The order was made in the The Federal Court of Australia and will require QBE to pay the costs associated with removing former WealthSure adviser David Bertram from an appeal against a $1.7 million ruling in favour of two of his clients, Ronald and Janna Selig. 

In an earlier hearing and judgement, The Federal Court had decided in favour of the Seligs and awarded them the sum for investment losses suffered while they were financial planning clients of Bertram. 

This judgement was followed by an appeal by WealthSure and Bertram, with Bertram later filing for bankruptcy. The Official Trustee for Bankruptcy, acting for the estate of Bertram, withdrew its appeal against the ruling. 

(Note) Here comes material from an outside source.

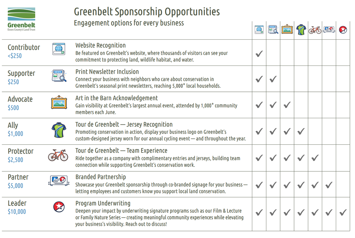 Support Greenbelt’s community work by becoming a partner in conservation. Connect your business and workplace culture to Greenbelt's valued, local work. Your sponsorship shows employees, customers, and neighbors that your business is invested in protecting the land and water that make your community a healthy place to live, work, and belong.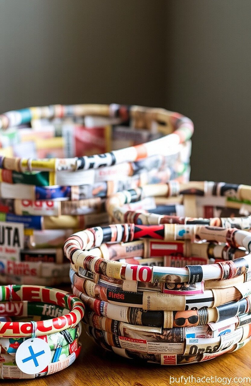 Weave old magazine pages into colorful baskets. These baskets are perfect for organizing and add a pop of color to your space. It’s an eco-friendly hack that turns clutter into creativity.

In a hearing to decide whether the Official Trustee could discontinue the appeal, Judge Burnett ordered QBE to pay the cost of the Seligs related to the discontinuance hearings but also noted that QBE could continue the appeal. 

Judge Burnett stated paperwork for an appeal had been lodged and that costs so far in the case had run to $1.975 million and were likely to climb higher, which when combined with the $1.7 million ordered to be paid to the Seligs would exceed the $3 million maximum available for a single claim under the PI policy. 

Judge Burnett also stated that further legal costs would have a negative impact on the sum to be paid to the Seligs. He said it was possible these costs could erode that sum entirely if the legal costs associated with the initial cases and with appeal continued to accumulate. 

“The facts remains that it appears that the lion’s share of the indemnity cap will be directed to the payment of costs and not the judgment that the Seligs have succeeded in obtaining,” Judge Burnett stated in the reasons for judgement in the recent case.